● **Work request**
Nothing in the data should change when you return it, but leave the pictures out.

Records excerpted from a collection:
════════

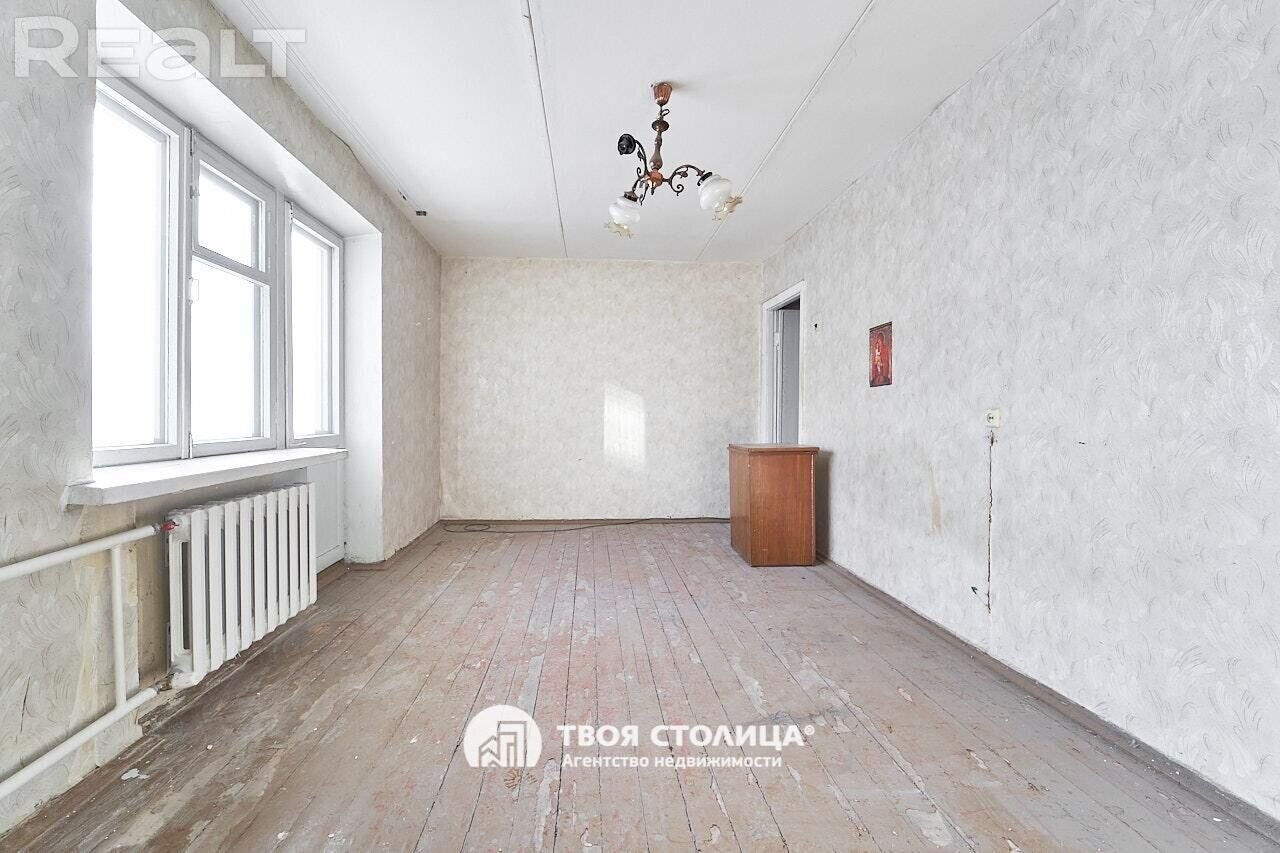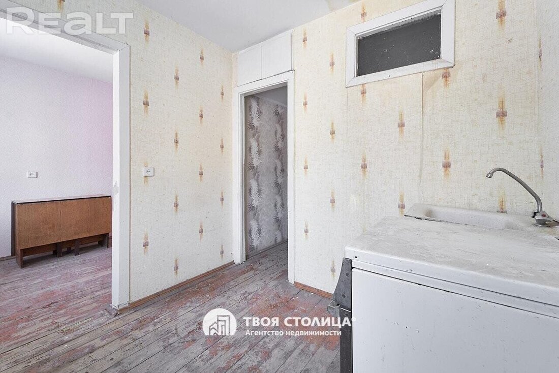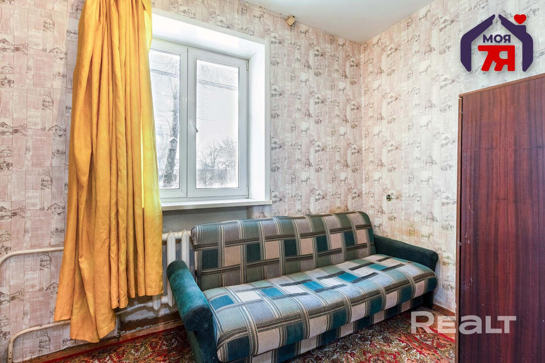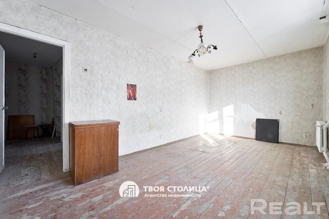 Жилье с одной проходной комнатой нуждается в обновлении: на полу лежат доски, стены оклеены обоями. Все окна выходят на одну сторону. Балкона тут нет, но останется подвальное помещение.
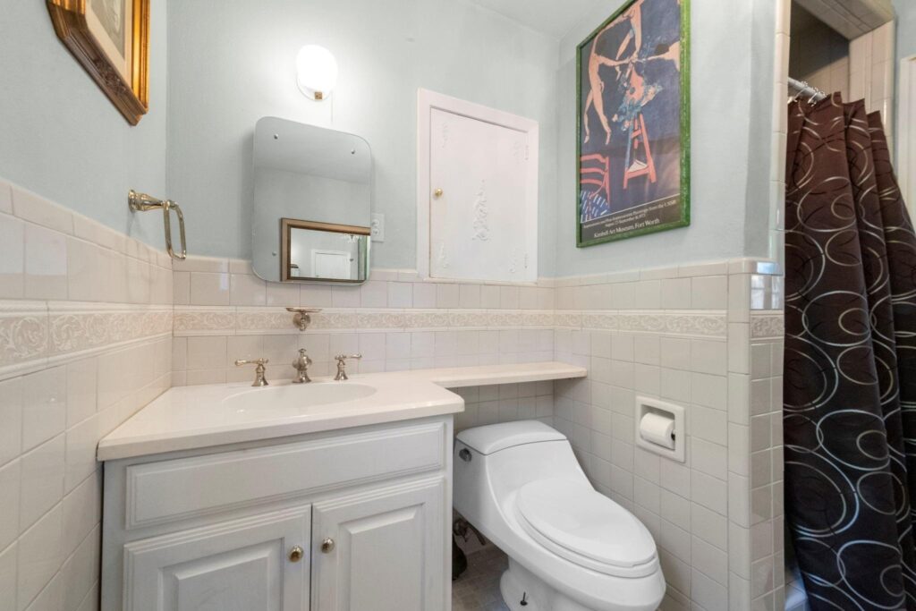Though some may enjoy the vintage quirkiness of the kitchen including the floor and the Formica countertops with metal edging, many will long for a modern makeover. On the plus side is the room’s spaciousness, with cabinet boxes that go all the way to the ceiling.
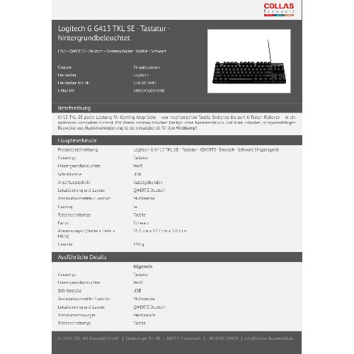 Jetzt anmeldenProduktinformationen "Logitech G G413 TKL SE - Tastatur - hintergrundbeleuchtet"
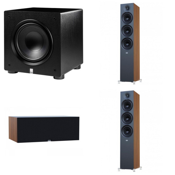 This bundle includes the Elac PS250-BK 10" 250 Watt Powered Subwoofer with Auto-EQ, ELAC DF63-WN 6.5" Walnut Floor Speaker, and ELAC DC63-WN 6.5" Walnut Center Speaker. The Elac PS250-BK subwoofer features BASH Amplification, Advanced App Control, and Auto EQ, app-controlled with a 10" Treated Paper Woofer, and 250/500 Watts RMS/Peak power. The dimensions are 381mm Height, 360mm Width, 360mm Depth, and 16.4 Kg Weight. The ELAC DF63-WN floor speaker has a 3-Way Bass Reflex design, with a 1" Aluminum Tweeter, newly developed Aramid Fiber Woofers, and a CARB2 Rated MDF Cabinet. It measures 195mm Width, 1094mm Height, 268mm Depth, and weighs 17.6 Kg. The ELAC DC63-WN center speaker is a 2-Way Sealed design with a 1" Aluminum Tweeter, Aramid Fiber Woofers, and a CARB2 Rated MDF Cabinet. Its dimensions are 482mm Width, 172mm Height, 234mm Depth, and 8.7 Kg Weight. Enhance your home theater or music setup with this powerful, high-performance audio bundle for an immersive sound experience like never before.
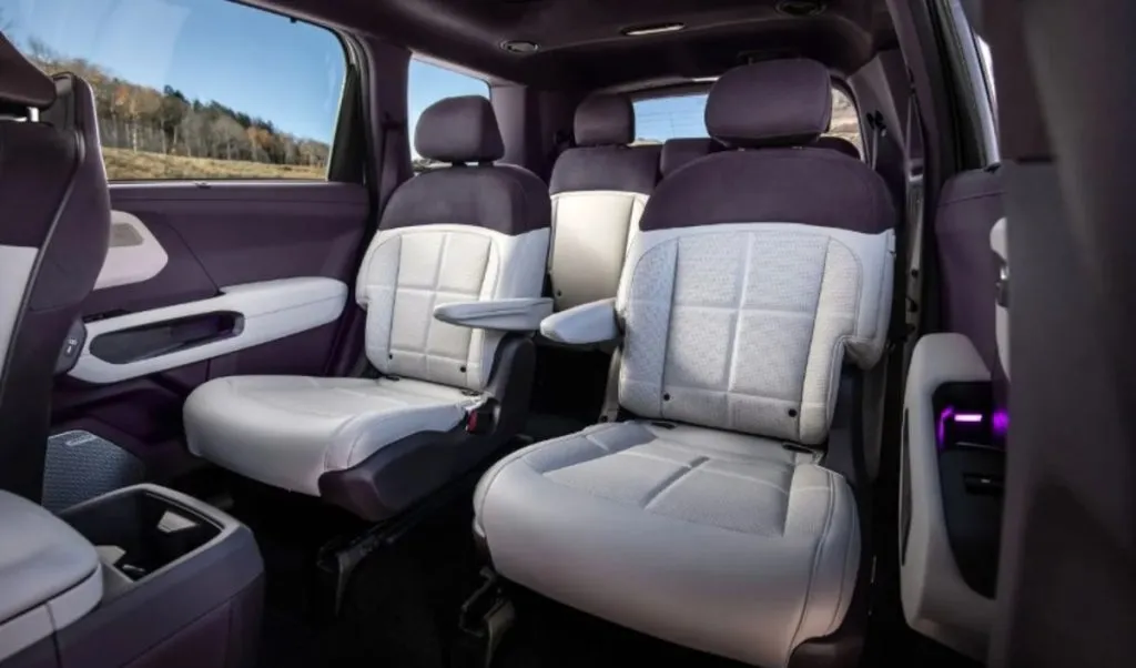 Баклажаново-кремовий салон доступний лише для нової гібридної моделі Telluride. Поверхні, схожі на шкіру, зроблені з матеріалу Syntex, який Kia вже використовувала на інших моделях. Він легкий у догляді й швидко очищається, що особливо важливо для сімейного автомобіля.
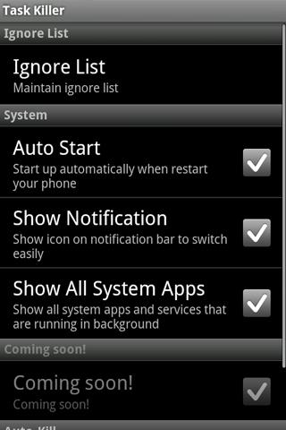 Task KillerInstall Task Killer,when you want to stop multinomial Software of background program,maybe in the actual situation of Android moving operating system,you need to manage you acpplication to avoid the damage of performance and battery.Task Killer is my favorite applicition,it also including a plugin,tap it once,you can close all the started applications.What you can do from the setting:Ignore List:you can put the app what you don39;t want to stop into this list,so that when you use Task Killer to stop all task,the app which in the Ignore List will be ignored.Auto Start:when you choose it,Task Killer will be Auto Started when you starting up.And it will make some unconcerned task to stop.Also you can make a shortcut to desktop.AutoKill:It39;s a greatful and useful setting.You can choose to make Task Killer still work and stop the Software of background program when you phone is off.Thanks for your loves of Task Killer.
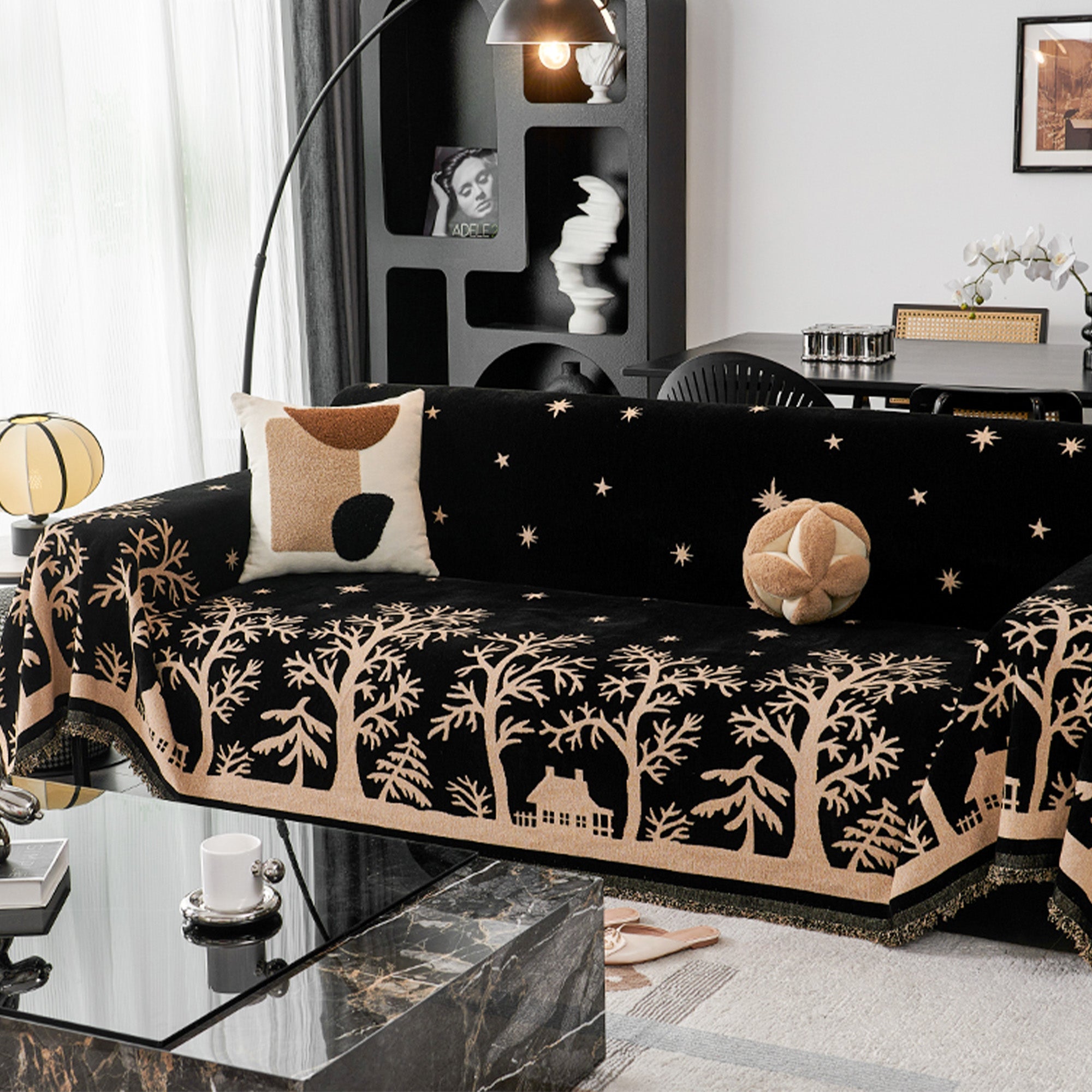Transform your sofa into a woodland wonderland with the Forest Night Sky Sofa Cover. Designed to blend artistry and practicality, this sofa cover is the ultimate solution for protecting your furniture while adding a touch of elegance. Featuring a tranquil forest silhouette under a starry sky, this cover creates a calming ambiance in any living space.

════════

● **Task output**
 Жилье с одной проходной комнатой нуждается в обновлении: на полу лежат доски, стены оклеены обоями. Все окна выходят на одну сторону. Балкона тут нет, но останется подвальное помещение.
Though some may enjoy the vintage quirkiness of the kitchen including the floor and the Formica countertops with metal edging, many will long for a modern makeover. On the plus side is the room’s spaciousness, with cabinet boxes that go all the way to the ceiling.
 Jetzt anmeldenProduktinformationen "Logitech G G413 TKL SE - Tastatur - hintergrundbeleuchtet"
 This bundle includes the Elac PS250-BK 10" 250 Watt Powered Subwoofer with Auto-EQ, ELAC DF63-WN 6.5" Walnut Floor Speaker, and ELAC DC63-WN 6.5" Walnut Center Speaker. The Elac PS250-BK subwoofer features BASH Amplification, Advanced App Control, and Auto EQ, app-controlled with a 10" Treated Paper Woofer, and 250/500 Watts RMS/Peak power. The dimensions are 381mm Height, 360mm Width, 360mm Depth, and 16.4 Kg Weight. The ELAC DF63-WN floor speaker has a 3-Way Bass Reflex design, with a 1" Aluminum Tweeter, newly developed Aramid Fiber Woofers, and a CARB2 Rated MDF Cabinet. It measures 195mm Width, 1094mm Height, 268mm Depth, and weighs 17.6 Kg. The ELAC DC63-WN center speaker is a 2-Way Sealed design with a 1" Aluminum Tweeter, Aramid Fiber Woofers, and a CARB2 Rated MDF Cabinet. Its dimensions are 482mm Width, 172mm Height, 234mm Depth, and 8.7 Kg Weight. Enhance your home theater or music setup with this powerful, high-performance audio bundle for an immersive sound experience like never before.
 Баклажаново-кремовий салон доступний лише для нової гібридної моделі Telluride. Поверхні, схожі на шкіру, зроблені з матеріалу Syntex, який Kia вже використовувала на інших моделях. Він легкий у догляді й швидко очищається, що особливо важливо для сімейного автомобіля.
 Task KillerInstall Task Killer,when you want to stop multinomial Software of background program,maybe in the actual situation of Android moving operating system,you need to manage you acpplication to avoid the damage of performance and battery.Task Killer is my favorite applicition,it also including a plugin,tap it once,you can close all the started applications.What you can do from the setting:Ignore List:you can put the app what you don39;t want to stop into this list,so that when you use Task Killer to stop all task,the app which in the Ignore List will be ignored.Auto Start:when you choose it,Task Killer will be Auto Started when you starting up.And it will make some unconcerned task to stop.Also you can make a shortcut to desktop.AutoKill:It39;s a greatful and useful setting.You can choose to make Task Killer still work and stop the Software of background program when you phone is off.Thanks for your loves of Task Killer.
Transform your sofa into a woodland wonderland with the Forest Night Sky Sofa Cover. Designed to blend artistry and practicality, this sofa cover is the ultimate solution for protecting your furniture while adding a touch of elegance. Featuring a tranquil forest silhouette under a starry sky, this cover creates a calming ambiance in any living space.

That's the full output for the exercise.